# measuring curvature of space around a star

by lavinia
Tags: curvature, measuring, space, star
 Sci Advisor P: 1,716 I am wondering how space geographers would measure curvature of space around a large isolated star. i am thinking of the set up where there are two nearby spheres surrounding the star whose circumferences are already known. The remaining step is to measure the length of a radial geodesic segment connecting the two spheres. This it seems would give measurements in geodesic polar coordinates and would allow the computation of curvature using the usual formulas. How then does one find a geodesic ray and the measure its length?
 Sci Advisor PF Gold P: 4,862 Aren't radial coordinate lines (t=theta=phi=0, SC coordinates) outside the horizon spacelike geodesics? It looks like this should be so from the geodesic equations, and it seems this is regularly assumed. Then you just integrated the line element along r, with all other coords held to zero. Am I missing what you are asking?
Sci Advisor
P: 1,716
 Quote by PAllen Aren't radial coordinate lines (t=theta=phi=0, SC coordinates) outside the horizon spacelike geodesics? It looks like this should be so from the geodesic equations, and it seems this is regularly assumed. Then you just integrated the line element along r, with all other coords held to zero. Am I missing what you are asking?
yes you are right. I was asking an empirical question, How does the space geographer find the radial geodesic physically? And how does he measure the distance between the spheres with instruments? Suppose he is standing on one of the spheres and the other one is some large structure. Does he use light and mirrors? Does he drop a plumb line? does he drop a stone and measure how long it takes for the stone to land?

Sci Advisor
PF Gold
P: 4,862

## measuring curvature of space around a star

Note, there are other more complex spacelike geodesics, but I assume those are not relevant.
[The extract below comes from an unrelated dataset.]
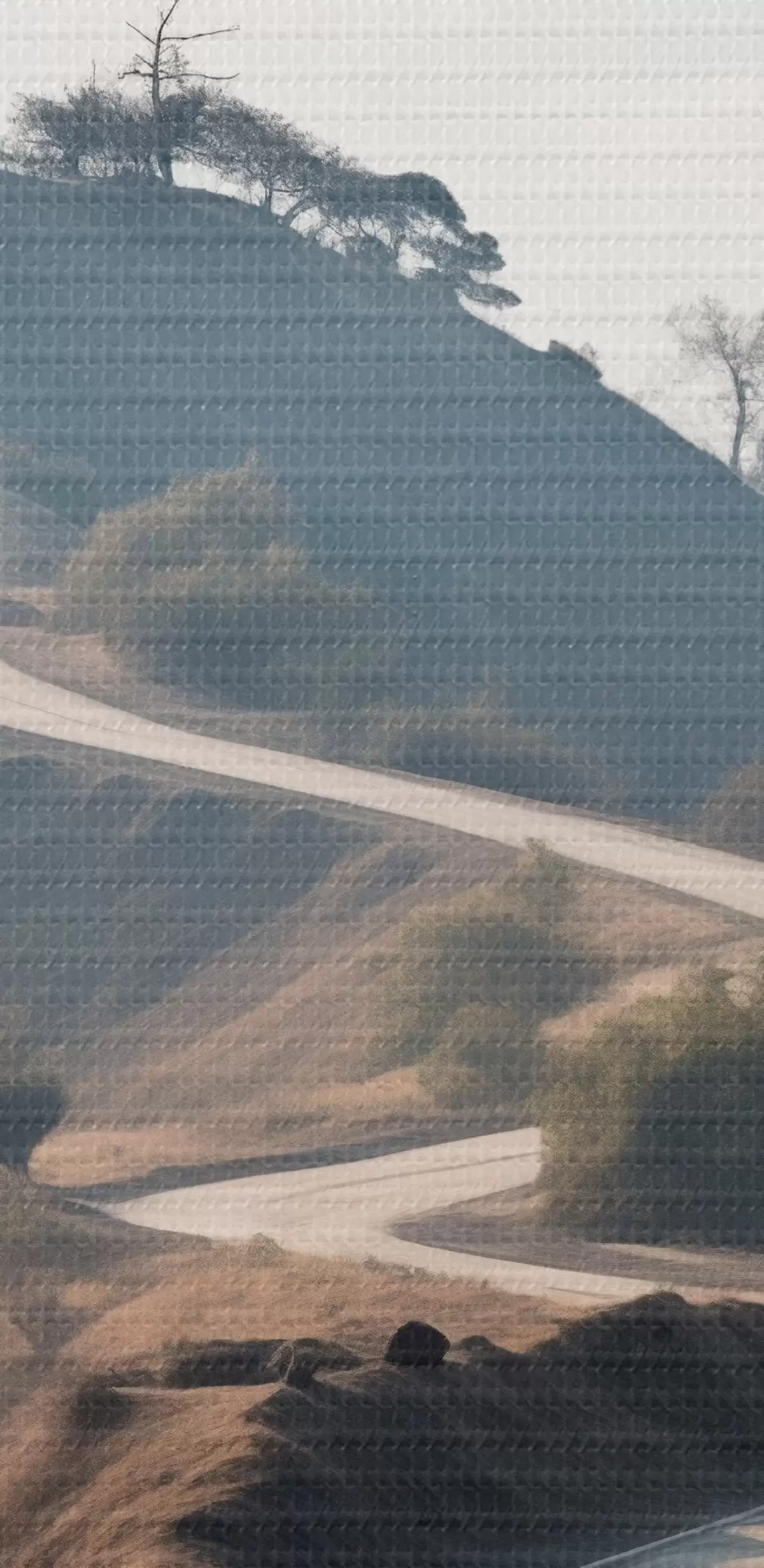 carta da parati Una strada tortuosa che attraversa un paesaggio collinare con erba secca sotto un cielo limpido e montagne in lontananza nr. s46289

Also, note that a free faller using GP coordinated can foliate a region of spacetime such that the spatial slices are exactly Euclidean flat for the induced metric. Then, all curvature would only be seen by involving time.
Sci Advisor
PF Gold
P: 4,862
 Quote by lavinia yes you are right. I was asking an empirical question, How does the space geographer find the radial geodesic physically? And how does he measure the distance between the spheres with instruments? Suppose he is standing on one of the spheres and the other one is some large structure. Does he you light and mirrors. Does he drop a plumb line? does he drop a stone and measure how long it takes for the stone to land?
For a radial, spacelike geodesic, for static foliation, a plumb line would be the physical analog.
P: 1,555
 Quote by PAllen Note, there are other more complex spacelike geodesics, but I assume those are not relevant. Also, note that a free faller using GP coordinated can foliate a region of spacetime such that the spatial slices are exactly Euclidean flat for the induced metric. Then, all curvature would only be seen by involving time.
Provided the star does not rotate.
Closest to GP coordinates for a rotating star is the Doran metric.
Sci Advisor
PF Gold
P: 4,862
 Quote by Passionflower Provided the star does not rotate. Closest to GP coordinates for a rotating star is the Doran metric.
Yes, I assumed the star was not rotating (which is obviously absurd in the real world). If it were rotating, then a radial line (in typical coordinates) would not be (exactly) a spacelike geodesic, and there wouldn't be a unique static foliation (because the spacetime is not static).
Sci Advisor
P: 1,716
 Quote by PAllen For a radial, spacelike geodesic, for static foliation, a plumb line would be the physical analog.
I can see why the plumb line would find the direction of the radial geodesic. But wouldn't it stretch and give an answer that is too small? Why wouldn't one use the plumb line to first find the radial direction but use reflected light beamed in the radial direction to measure the distance?
Sci Advisor
PF Gold
P: 4,862
 Quote by lavinia I can see why the plumb line would find the direction of the radial geodesic. But wouldn't it stretch and give an answer that is too small? Why wouldn't one use the plumb line to first find the radial direction but use reflected light beamed in the radial direction to measure the distance?
Because the speed of light is not constant (assuming strong gravity). The closest physical analog to radial proper distance would be a plumb line of extremely high tensile strength.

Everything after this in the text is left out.